The lines from the top of the material through the line with "and context |" are to be set down exactly. Leave the pictures out.

++++ Collected material ++++

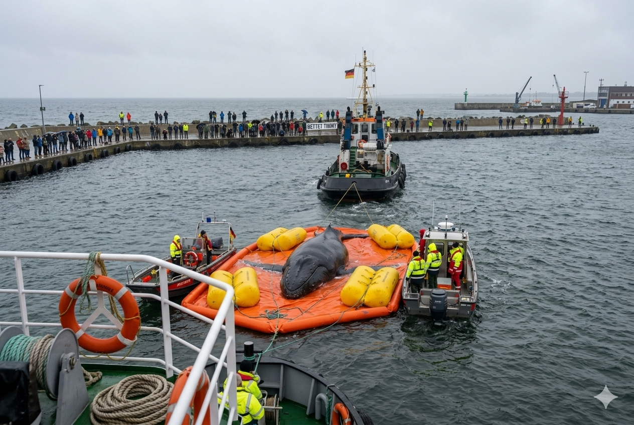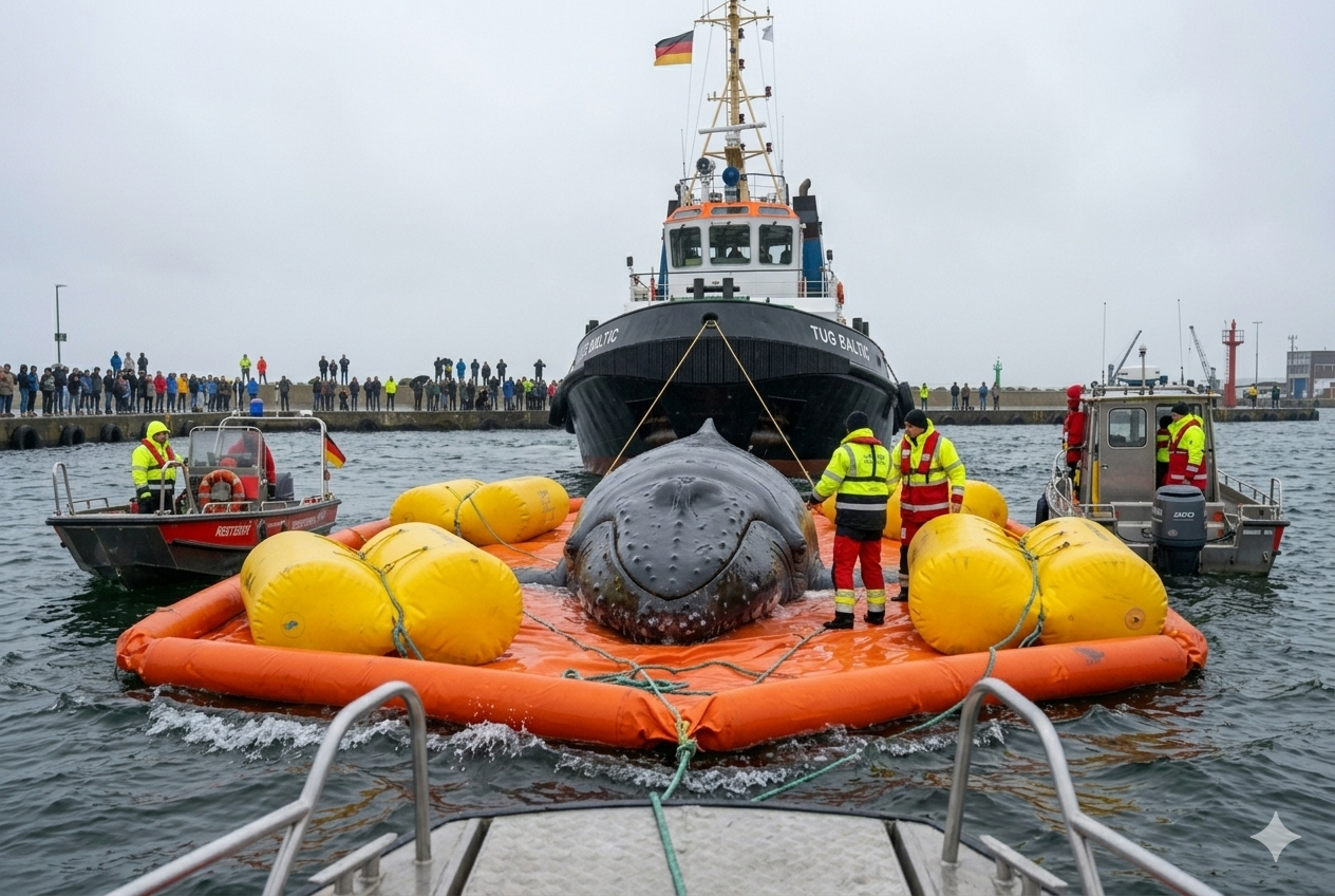 For days, Timmy had been stuck in the shallow waters of the Baltic Sea, unable to move due to the narrow inlet and rising tides. The situation was dire, and every effort to free him seemed to fall short. But now, thanks to the ingenuity of rescue teams, there is hope.
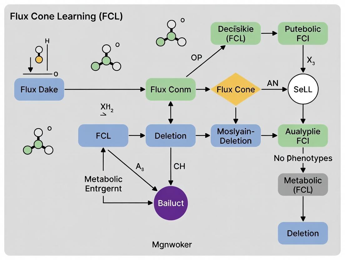 | Flux Cone Learning (FCL) | Integration of flux cone sampling with genomic features | 0.89 | 0.81 | Captures metabolic network constraints and context |
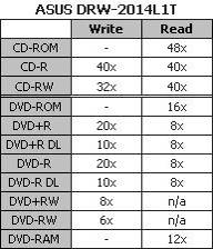 Практически единственным неприятным моментом в работе с накопителем ASUS DRW-2014L1T стала невозможность записи на нем двух DVD-дисков из нашего комплекта. Скорее всего, эта проблема решится с очередным обновлением прошивки привода, однако на данный момент факт остается фактом. В остальном же серьезных претензий к работе привода, по большому счету, нет. По всем своим остальным рабочим параметрам он вполне отвечает требованиям времени для устройств данного класса. DRW-2014L1T поддерживает актуальный интерфейс SATA, обеспечивает хорошую скорость записи дисков и бес проблемно работает с аудиодисками, в том числе даже поцарапанными. К этому можно добавить и присутствие в продаже коробочного варианта привода, который, при минимальной разнице в цене, отличается наличием сменной лицевой панели другого.
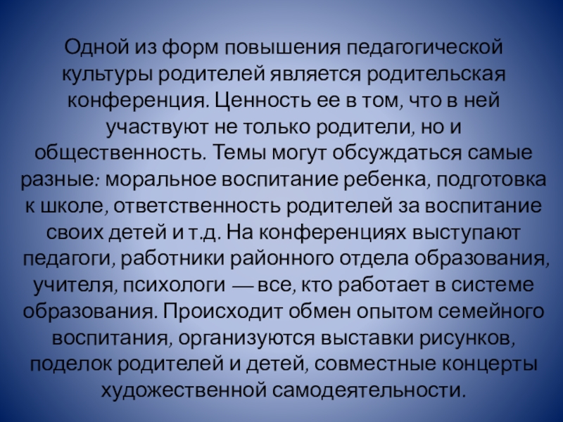 ее в том, что в ней участвуют не только родители, но и общественность. Темы могут обсуждаться самые разные: моральное воспитание ребенка, подготовка к школе, ответственность родителей за воспитание своих детей и т.д. На конференциях выступают педагоги, работники районного отдела образования, учителя, психологи — все, кто работает в системе образования. Происходит обмен опытом семейного воспитания, организуются выставки рисунков, поделок родителей и детей, совместные концерты художественной самодеятельности.

++++

▸ **Output for this exercise**
 For days, Timmy had been stuck in the shallow waters of the Baltic Sea, unable to move due to the narrow inlet and rising tides. The situation was dire, and every effort to free him seemed to fall short. But now, thanks to the ingenuity of rescue teams, there is hope.
 | Flux Cone Learning (FCL) | Integration of flux cone sampling with genomic features | 0.89 | 0.81 | Captures metabolic network constraints and context |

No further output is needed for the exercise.